У под’езда магазина стояла закопченная и развинченная мотоциклетка с лодочкой, и дверь на пружине поминутно хлопала, и каждый раз, как она открывалась, над ней звенел великолепный звоночек — брррынь-брррынь — напоминающий счастливые и недавние времена мадам Анжу.
Турбин, Мышлаевский и Карась встали почти одновременно после пьяной ночи и, к своему удивлению, с совершенно ясными головами, но довольно поздно, около полудня. Выяснилось, что Николки и Шервинского уже нет. Николка спозаранку свернул какой-то таинственный красненький узелок, покряхтел — эх, эх… и отправился к себе в дружину, а Шервинский недавно уехал на службу в штаб командующего.
Мышлаевский, оголив себя до пояса в заветной комнате Анюты за кухней, где за занавеской стояла колонка и ванна, выпустил себе на шею и спину и голову струю ледяной воды и с воплем ужаса и восторга вскрикивая:
— Эх! Так его! Здорово! —
залил все кругом на два аршина. Затем растерся мохнатой простыней, оделся, голову смазал бриолином, причесался и сказал Турбину:
— Алеша, эгм… будь другом, дай свои шпоры надеть. Домой уж я не заеду, а не хочется являться без шпор.
— В кабинете возьми, в правом ящике стола.
Мышлаевский ушел в кабинетик, повозился там, позвякал и вышел. Черноглазая Анюта, утром вернувшаяся из отпуска от тетки, шаркала петушиной метелочкой по креслам. Мышлаевский откашлялся, искоса глянул на дверь, изменил прямой путь на извилистый, дал крюку и тихо сказал:
— Здравствуйте, Анюточка…
— Елене Васильевне скажу, — тотчас механически и без раздумья шепнула Анюта и закрыла глаза, как обреченный, над которым палач уже занес нож.
— Глупень…
Турбин неожиданно заглянул в дверь. Лицо его стало ядовитым.
— Метелочку, Витя, рассматриваешь? Так. Красивая. А ты бы лучше шел своей дорогой, а? А ты, Анюта, имей в виду, в случае, ежели он будет говорить, что женится, так не верь, не женится.
— Ну что, ей-Богу, поздороваться нельзя с человеком.
Мышлаевский побурел от незаслуженной обиды, выпятил грудь и зашлепал шпорами из гостиной. В столовой он подошел к важной рыжеватой Елене, и при этом глаза его беспокойно бегали.

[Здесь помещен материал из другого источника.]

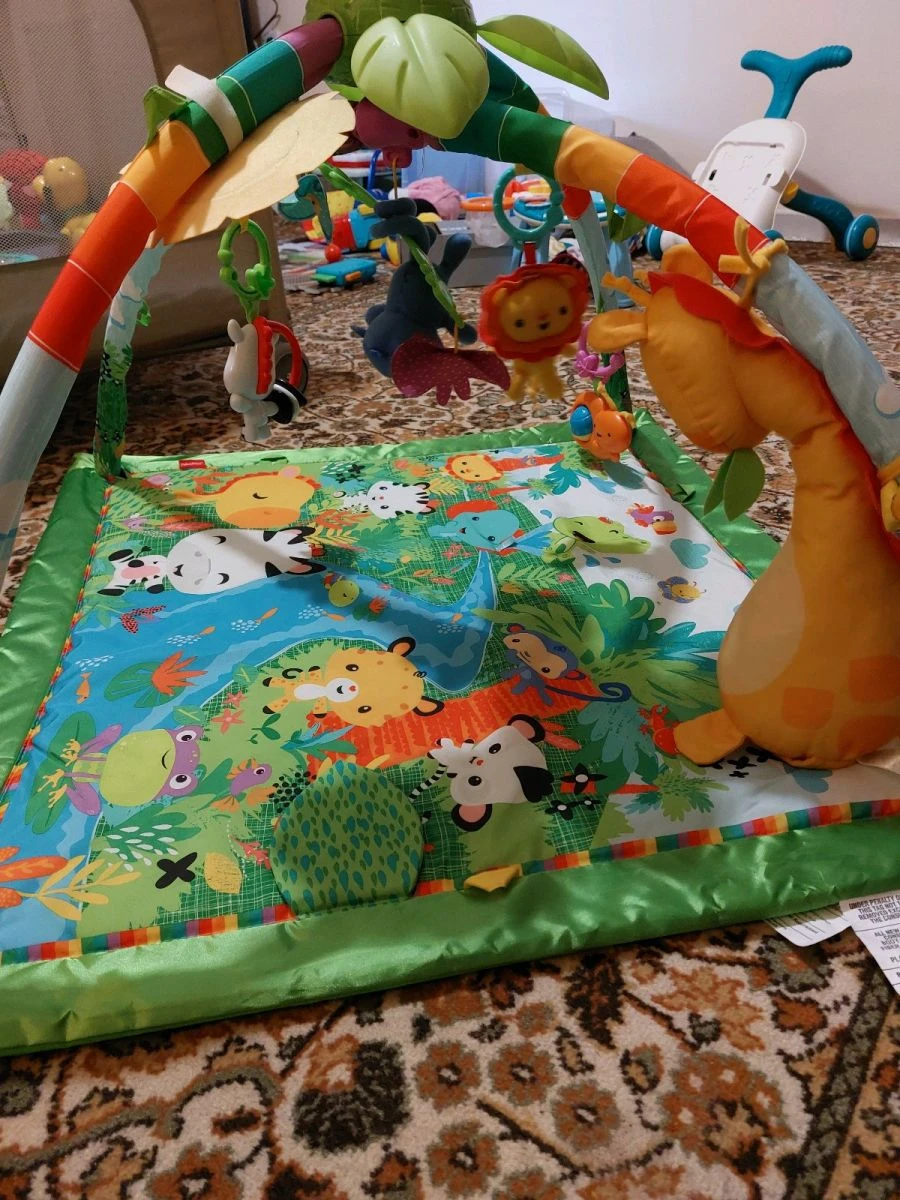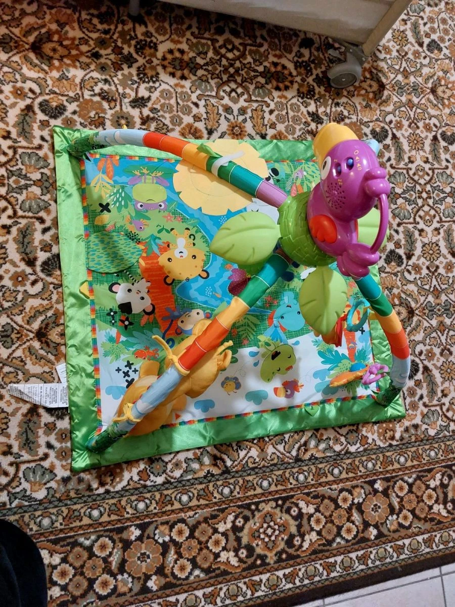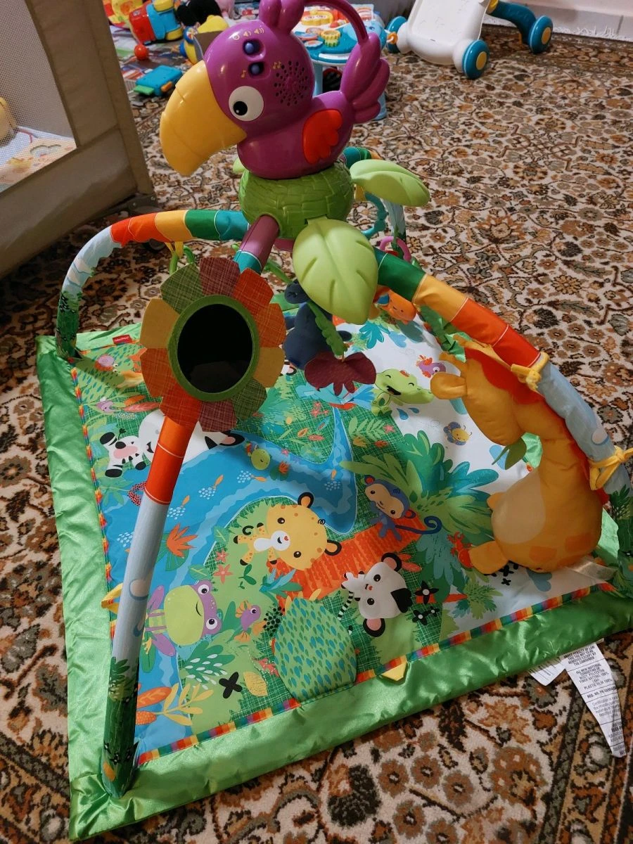 μεγάλο γυμναστήριο με διαφορετικες υφες και ομορφα εντονα χρώματα,με μουσικό παιχνίδι παπαγάλο που βγαινει για να το κρατάει το παιδακι και αισθητηρα κίνησης ,κρεμαστά με διάφορες υφές, καθρέφτη ασφαλείας, πλήρως λειτουργικό. εμείς το ευχαριστηθηκαμε μέχρι τον 9ο μήνα.

— Здравствуй, Лена, ясная, с добрым утром тебе. Эгм… (Из горла Мышлаевского выходил вместо металлического тенора хриплый низкий баритон). Лена, ясная, — воскликнул он прочувственно, — не сердись! Люблю тебя и ты меня люби. А что я нахамил вчера, не обращай внимания. Лена, неужели ты думаешь, что я какой-нибудь негодяй?

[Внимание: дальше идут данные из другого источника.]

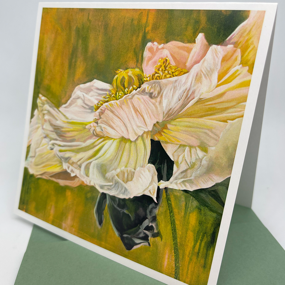 Experience a moment of vibrant beauty with “Whispers of Summer,” a stunning painting centered around a striking white poppy, its delicate petals unfurling in a vivid display. Gillian employs thoughtful, sweeping strokes to evoke a sense of movement and life within the flower, highlighting its ethereal charm.
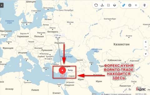 Жульническая контора Борнто Трейд закидывает свои удочки на территории стран СНГ с Кипра, где расположили свой главный офис. Таким образом их найти сложно, потому что зона оффшорная и на каждый адрес по несколько сотен контор зарегистрировано.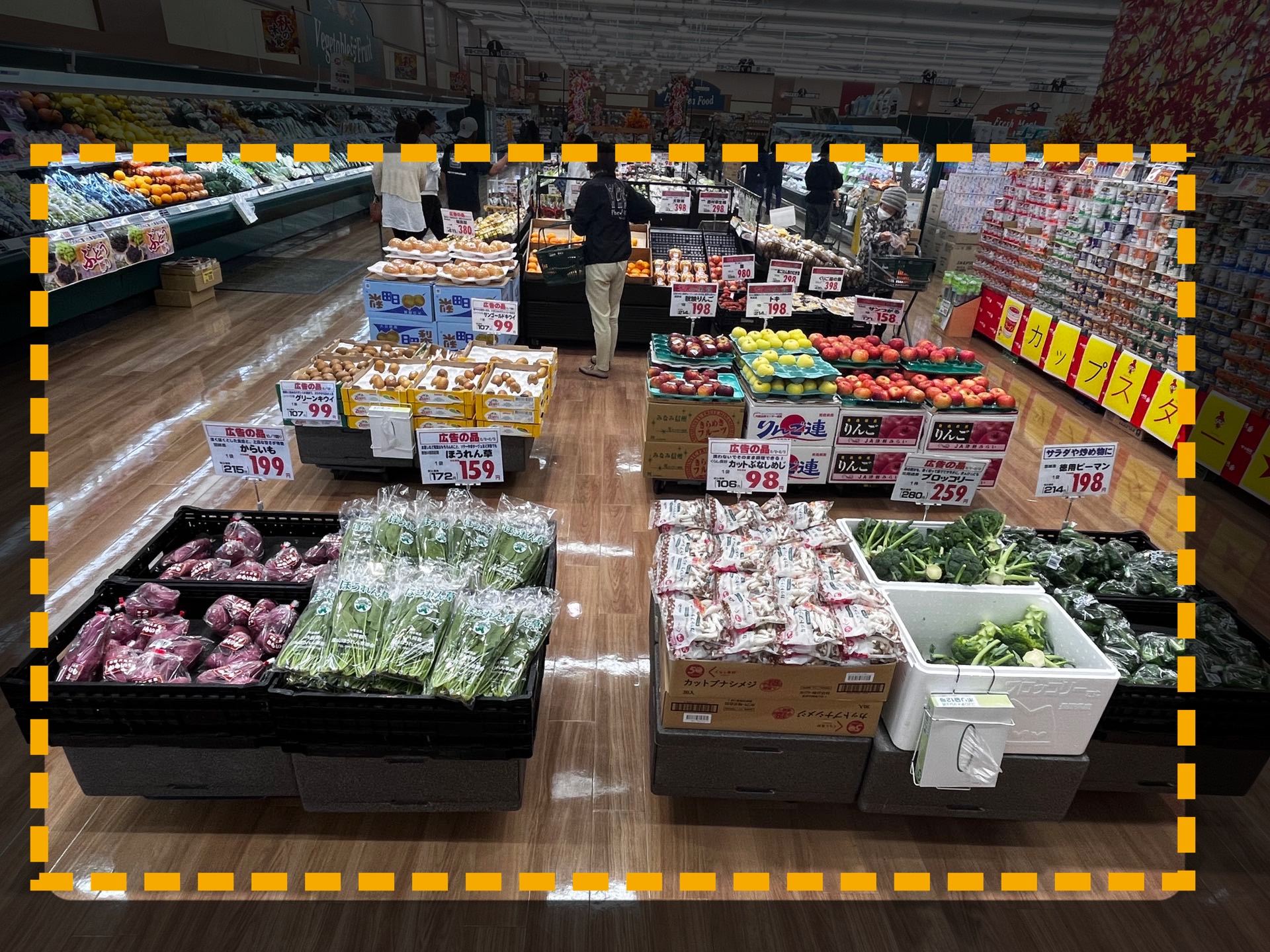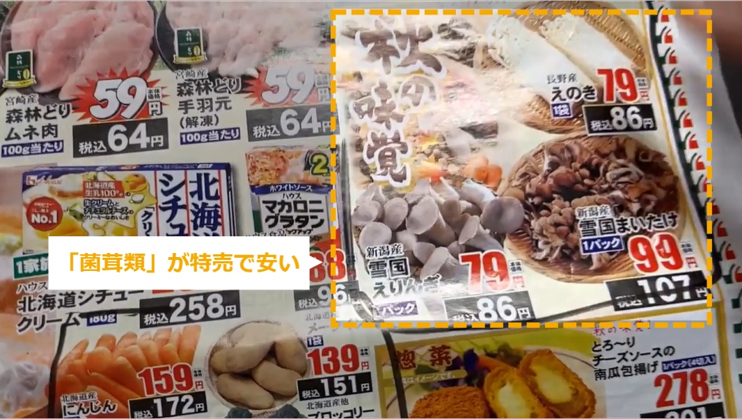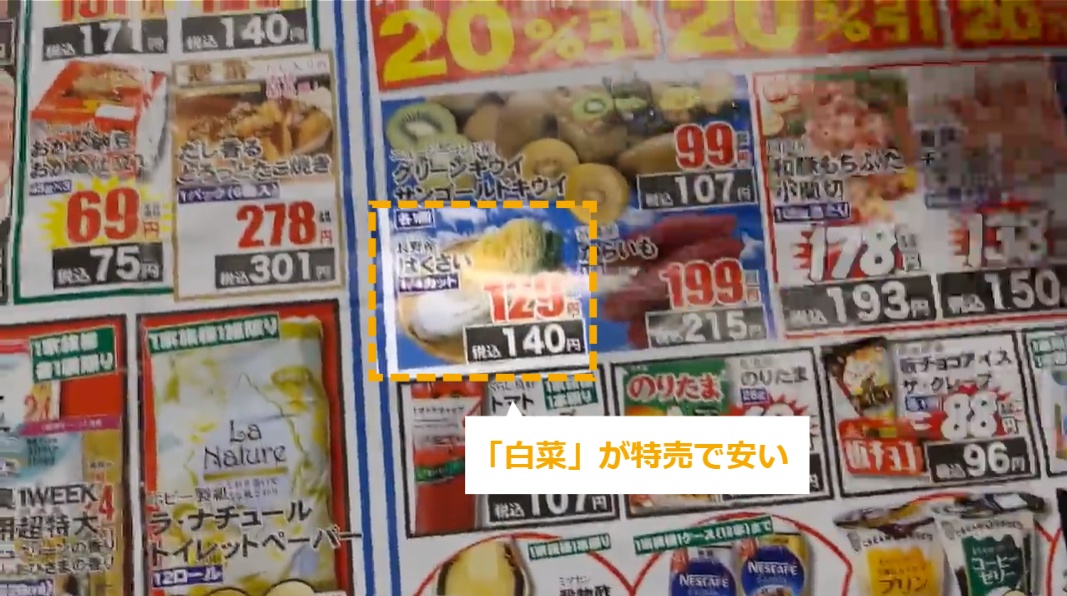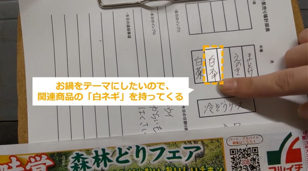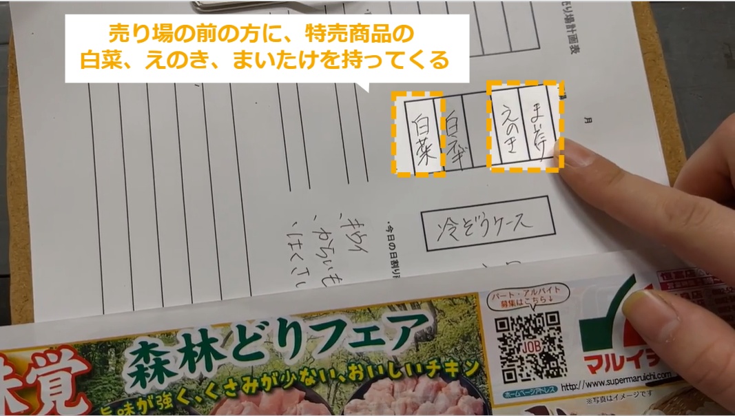 売り場計画表の作成方法 ・売り場計画表の作成方法について説明します。 STEP1~5:売り場計画表の作成方法 STEP1:【動画】売り場計画表の作成方法 STEP2:「白菜」が特売で安い STEP3:「菌茸類」が特売で安い STEP4:売り場の前の方に、特売商品の白菜、えのき、まいたけを持ってくる STEP5:お鍋をテーマにしたいので、関連商品の「白ネギ」を持ってくる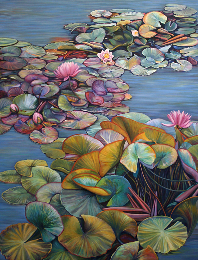 Pond Lily Profusion is a commissioned work, inspired by my Pond Lily Path but with the muted tones and longer format that my client had in mind.
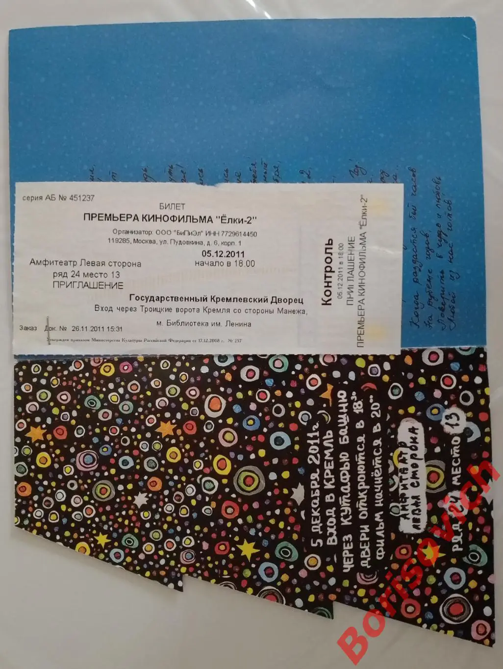 Билет Примьера кинофильма Елки 2 Государственный Кремлёвский дворец 2011Билет Примьера кинофильма Елки 2 Государственный Кремлёвский дворец 2011 1

С этими словами он заключил Елену в об’ятия и расцеловал ее в обе щеки. В гостиной с мягким стуком упала петушья корона. С Анютой всегда происходили странные вещи, лишь только поручик Мышлаевский появлялся в Турбинской квартире. Хозяйственные предметы начинали сыпаться из рук Анюты; каскадом падали ножи, если это было в кухне, сыпались блюдца с буфетной стойки; Аннушка становилась рассеянной, бегала без нужды в переднюю и там возилась с калошами, вытирая их тряпкой до тех пор, пока не чвакали короткие, спущенные до каблуков шпоры и не появлялся скошенный подбородок, квадратные плечи и синие бриджи. Тогда Аннушка закрывала глаза и боком выбиралась из тесного, коварного ущелья. И сейчас в гостиной, уронив метелку, она стояла в задумчивости и смотрела куда-то вдаль, через узорные занавеси, в серое облачное небо.
— Витька, Витька, — говорила Елена, качая головой, похожей на вычищенную театральную корону, — посмотреть на тебя, здоровый ты парень, с чего ж ты так ослабел вчера? Садись, пей чаек, может, тебе полегчает.
— А ты, Леночка, ей-Богу, замечательно выглядишь сегодня. И капот тебе идет, клянусь честью, — заискивающе говорил Мышлаевский, бросая легкие быстрые взоры в зеркальные недра буфета, — Карась, глянь, какой капот. Совершенно зеленый. Нет, до чего хороша.
— Очень красива Елена Васильевна, — серьезно и искренно ответил Карась.
— Это электрик, — пояснила Елена, — да ты, Витенька, говори сразу, — в чем дело?
— Видишь ли, Лена ясная, после вчерашней истории мигрень у меня может сделаться, а с мигренью воевать невозможно…
— Ладно, в буфете.
— Вот, вот… Одну рюмку… Лучше всяких пирамидонов.
Страдальчески сморщившись, Мышлаевский один за другим проглотил два стаканчика водки и закусил их обмякшим вчерашним огурцом. После этого он об’явил, что будто бы только что родился и из’явил желание пить чай с лимоном.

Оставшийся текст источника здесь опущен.